About this exercise —
Return nothing but the lines from the one with "Prepárate para sentir" through the one with "Sapatos de golfe" in the data below, word for word and without pictures.

Source material —
★ ★ ★ ★
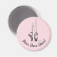 Välj en egen bakgrund färg och text på den här dans-temade magneten. Här i blekens rosa är det en ballerinas fötter i bjälkskor när hon dansar på sina tår. Sloganen säger "Dance, dans, dans!" men kan lätt vara personlig med namn eller ett varumärke. En roligt, modern grafik för en dansare eller balletoman, med klassgraverad verkan.
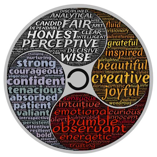 Keywords: person character characteristics essence being balance dynamism wholeness completeness integration growth dynamic wheel mandala self-discovery self-awareness maturation transformation becoming growing evolving human qualities geometric badge circle round health quality |
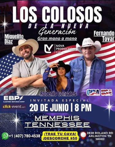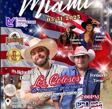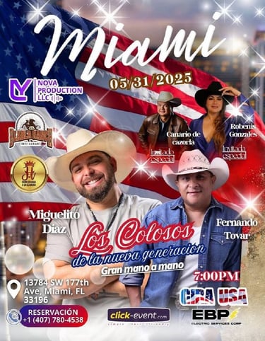 Prepárate para sentir la energía de nuestras giras con artistas como Miguelito Díaz y Robenis González, llevando el folklore venezolano a cada rincón de Estados Unidos.
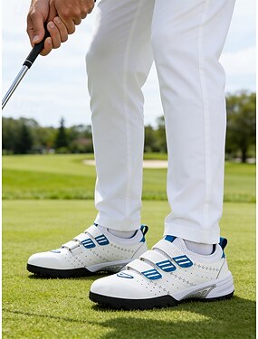 Sapatos de golfe masculinos, em couro sintético branco com listras azuis, respiráveis e leves, com sola antiderrapante, perfeitos para campos de golfe, esportes ao ar livre e um estilo de vida ativo.
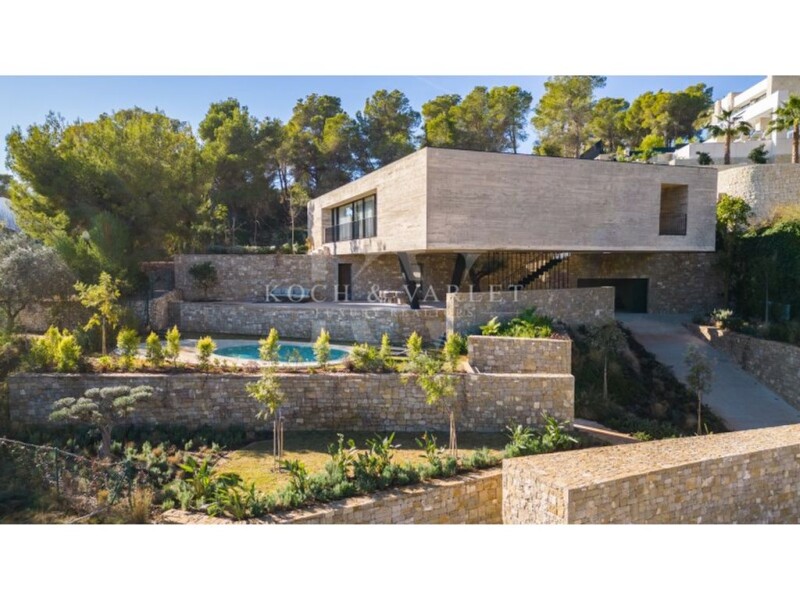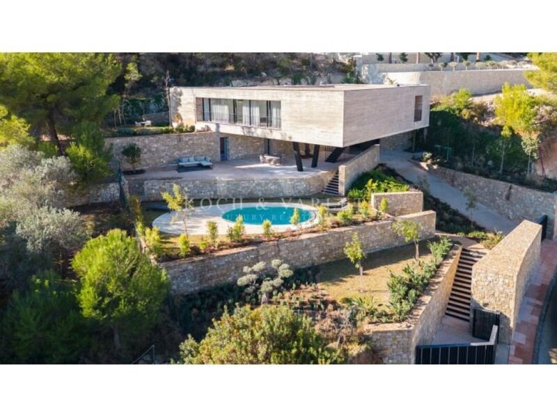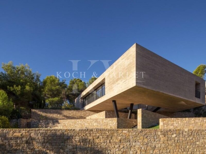 When architecture, design and quality are combined in perfect harmony with nature and the surrounding environment. For sale, this one of a kind concrete property is perfectly integrated into its environment, floating in the air, it is located on a fascinating plot in Benissa on the Costa Blanca, the house is surrounded by nature and inspires tranquility and calm. Unique design with the best qualities can be found in this just completed new villa. The exterior facade in visible concrete is spectacular. It imitates an elegant wood look and makes this unique villa a real work of art The villa is distributed on one level and offer stunning views of the Mediterranean landscape, the blue of the sea and the beauty of its landscaped garden. We access the property by a private gate, arriving on a carport with front accesses to a private garage for two cars. Going up metal stairs with the most innovative design, we arrive in an entrance hall which opens onto the living room. This one level house boasts a fully equipped kitchen with high-end appliances, a living-dining room bathed in natural light thanks to large bay windows opening onto the surrounding nature, 3 bedrooms and 3 bathrooms, all ensuite, each of them with an access to the outside. The house has also a private apartment, which has a fourth bedroom with private bathroom. The exterior consists of landscaped gardens, covered and sunny terraces, surrounding a swimming pool of turquoise waters. You will appreciate every detail, the subtlety of each window, bringing natural light at every moment. The use of materials such as natural stones, wood effect stamped concrete and travertine marble. Latest technologies, underfloor heating, air conditioning, smart home system, security system A unique architectural design that overwhelmingly enhances and exhibits the aesthetic beauty of materials, exploits textures, and harmonizes volumes. The house is a haven from which to contemplate nature in a landscape that has the Mediterranean Sea as a backdrop. A unique property presented by KOCH & VARLET LUXURY REALTORS S.L., your expert real estate agency in luxury properties on the Costa Blanca in Spain, Denia Javea Moraira Benissa Altea.
★ ★ ★ ★
Result below —
 Prepárate para sentir la energía de nuestras giras con artistas como Miguelito Díaz y Robenis González, llevando el folklore venezolano a cada rincón de Estados Unidos.
 Sapatos de golfe masculinos, em couro sintético branco com listras azuis, respiráveis e leves, com sola antiderrapante, perfeitos para campos de golfe, esportes ao ar livre e um estilo de vida ativo.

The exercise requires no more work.